Three principles for building government dataset catalog vocabulary
There are some ongoing interests in vocabulary for government dataset publishing. There are a number of proposals such as DERI dcat, Sunlight Lab’s guidelines and RPI’s proposal on Data-gov Vocabulary. Based on our experiences on data.gov catalog data, we found the following principles are useful for consolidate the vocabulary building process and potentially bring consensus:
- 1. modular vocabulary with minimal core
- keep the core vocabulary small and stable, only include a small set of frequently used (or required) terms
- allow extensions contributed by anyone. Extensions should be connected to the core ontology and be possible to be promoted to core status later.
- 2. choice of term
- make it easy for curator to produce metadata using the term, e.g. do they need to specify data quality ?
- make it clear on the expected range of term , e.g. should they use “New York” or “dbpedia:New_York” for spatial coverage? does it require a controlled vocabulary?
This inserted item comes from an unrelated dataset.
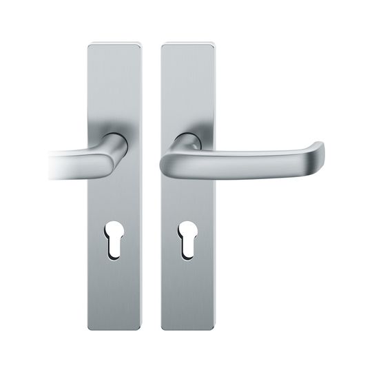 FSB Drückergarnitur 72 1045; Produkttyp: Drückergarnitur; Produkttyp (Hersteller): Drückergarnitur; Ausführung: Langschild; Befestigungsart: verdeckt verschraubt; Befestigungstechnik: mit Stütznocken; Form: eckig; Vierkant: 8 mm; Material: Edelstahl; Form Türgriff (innen): gebogen; Form Türgriff (außen): gebogen; Breite Türgriff (innen): 22 mm; Breite Türgriff (außen): 22 mm; Länge Türgriff (innen): 132 mm; Länge Türgriff (außen): 132 mm; Höhe Türgriff (innen): 55 mm; Höhe Türgriff (außen): 55 mm; Schildbreite außen: 45 mm; Schildbreite innen: 45 mm; Schildlänge außen: 245 mm; Schildlänge innen: 245 mm; Schildstärke außen: 7 mm; Schildstärke innen: 7 mm; Lagerung: Ausgleichslager® 3,mit Rückholfeder,festdrehbar; Einsatzbereich: Zimmertür; Türart: Vollblatt; Türwerkstoff: Holz,Stahl; Norm: DIN EN 1906; Lochung: Profilzylinder gelocht; Entfernung: 72 mm; DIN-Richtung: DIN Links; Farbe: grau; Farbton: edelstahl; Oberfläche: fein matt; Betätigungswinkel max.: 35 °; Türstärke min.: 39 mm; Türstärke max.: 48 mm

A validator would be very helpful
- make it clear on the expected use of term, e.g. can it be displayed in rich snippet? can it be used in SPARQL query, search or facet browsing?
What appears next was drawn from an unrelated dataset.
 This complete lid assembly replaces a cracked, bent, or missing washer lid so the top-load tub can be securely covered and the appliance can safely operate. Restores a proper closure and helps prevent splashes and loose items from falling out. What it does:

- try to reuse a term from existing popular vocabulary
- identify the required, recommended, and optional terms
- 3. best practices for actual usage
- we certainly want the metadata to be part of linked data, but that is not the end. We would like to see the linked data actually being used by users who don’t know much about the semantic web.
- we should consider make vocabulary available in different formats for a wider range of users , e.g. RDFa, Microformat, ATOM, JSON, XML Schema, OData
- we should build use cases, tools and demos to exhibit the use of vocabulary to promote adoption
comments are welcome.
Li Ding @ RPI